[DATA SHOWN Boundary: Start]

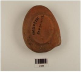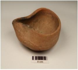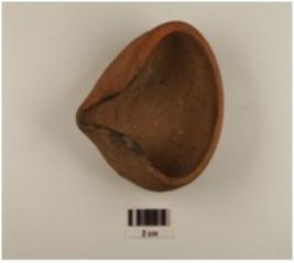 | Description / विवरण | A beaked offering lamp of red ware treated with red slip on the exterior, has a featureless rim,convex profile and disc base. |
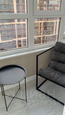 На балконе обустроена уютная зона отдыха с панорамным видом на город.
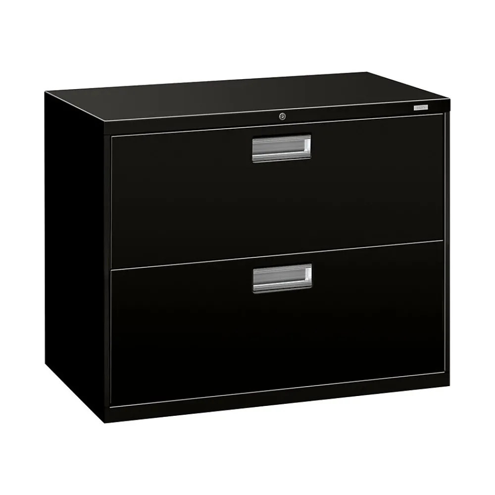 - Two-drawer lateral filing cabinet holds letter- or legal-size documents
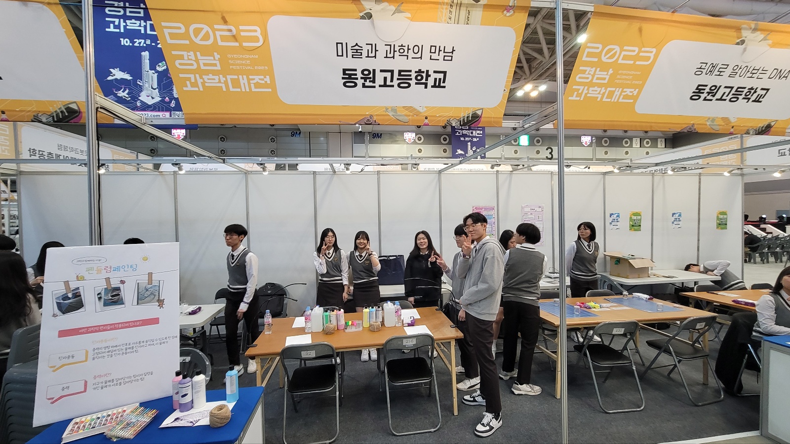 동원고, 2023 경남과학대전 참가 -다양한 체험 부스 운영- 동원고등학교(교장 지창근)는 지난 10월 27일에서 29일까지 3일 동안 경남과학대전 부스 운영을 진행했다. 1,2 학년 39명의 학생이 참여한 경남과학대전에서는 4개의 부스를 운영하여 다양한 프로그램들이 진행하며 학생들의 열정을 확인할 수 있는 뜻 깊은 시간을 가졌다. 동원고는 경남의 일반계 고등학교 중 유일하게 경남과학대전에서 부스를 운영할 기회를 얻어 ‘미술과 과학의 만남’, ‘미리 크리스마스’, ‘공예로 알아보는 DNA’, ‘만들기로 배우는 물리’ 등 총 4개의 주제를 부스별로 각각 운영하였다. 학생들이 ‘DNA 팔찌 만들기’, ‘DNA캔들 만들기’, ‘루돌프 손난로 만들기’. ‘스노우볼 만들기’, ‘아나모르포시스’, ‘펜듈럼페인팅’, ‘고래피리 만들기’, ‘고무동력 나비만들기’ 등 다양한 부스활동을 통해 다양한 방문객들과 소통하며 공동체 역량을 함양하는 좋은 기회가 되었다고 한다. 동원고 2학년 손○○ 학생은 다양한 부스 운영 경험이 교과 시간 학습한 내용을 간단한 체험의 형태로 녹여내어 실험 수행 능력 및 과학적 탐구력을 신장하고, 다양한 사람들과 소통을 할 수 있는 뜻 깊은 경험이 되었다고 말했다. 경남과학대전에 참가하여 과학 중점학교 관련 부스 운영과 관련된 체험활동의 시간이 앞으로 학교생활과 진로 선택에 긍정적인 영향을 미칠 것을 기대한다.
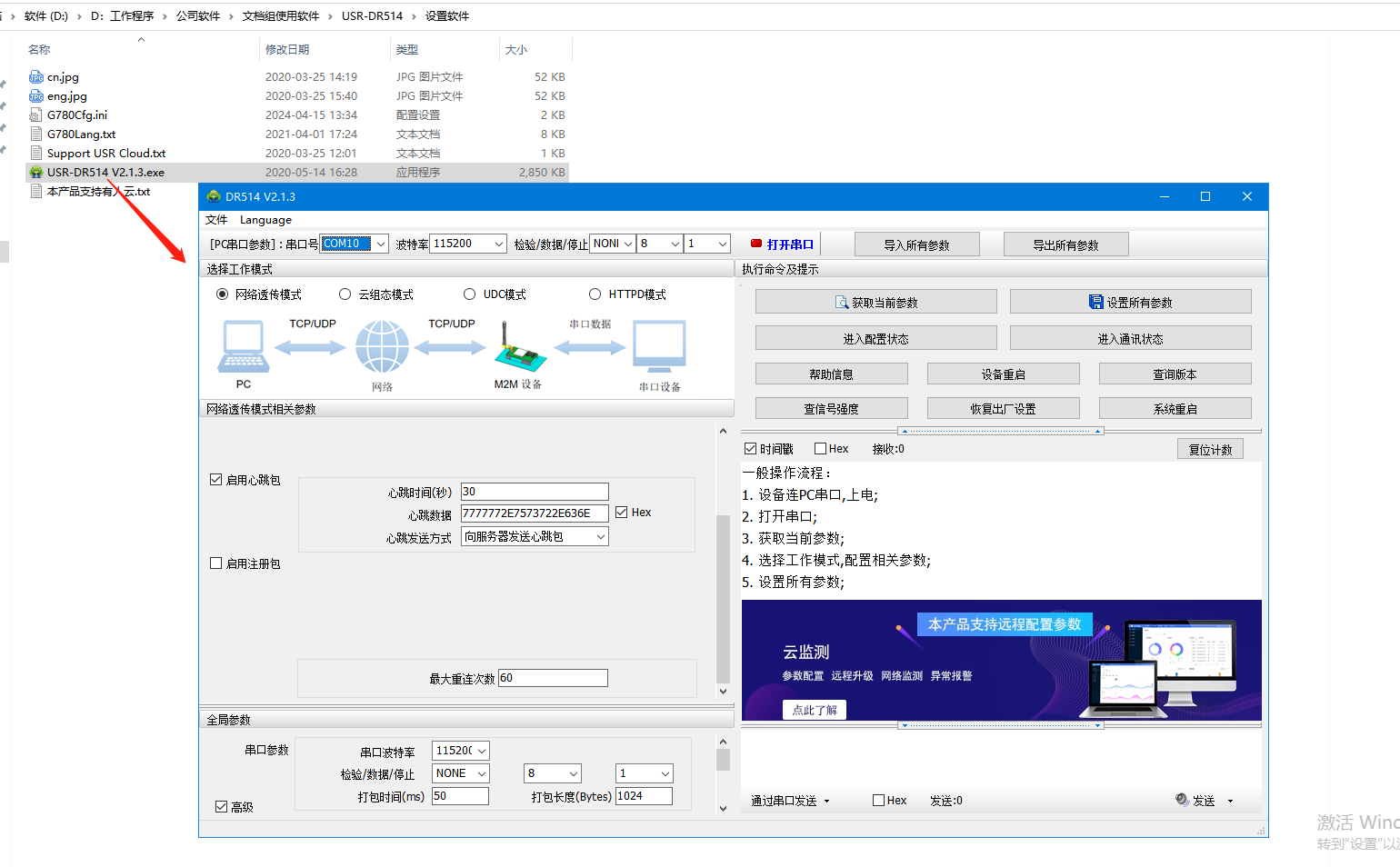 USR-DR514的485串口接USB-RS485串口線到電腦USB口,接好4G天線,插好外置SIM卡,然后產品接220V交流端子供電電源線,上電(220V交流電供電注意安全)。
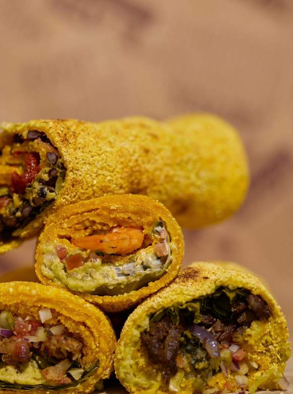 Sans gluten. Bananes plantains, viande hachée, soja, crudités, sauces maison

[DATA SHOWN Boundary: End]

▶ [PROBLEM DESCRIPTION]: Write out, word for word, the lines from the first line of the entries through the one containing "На балконе обустроена", both included. Leave out the pictures.

▶ [SOLVED EXERCISE]:
 | Description / विवरण | A beaked offering lamp of red ware treated with red slip on the exterior, has a featureless rim,convex profile and disc base. |
 На балконе обустроена уютная зона отдыха с панорамным видом на город.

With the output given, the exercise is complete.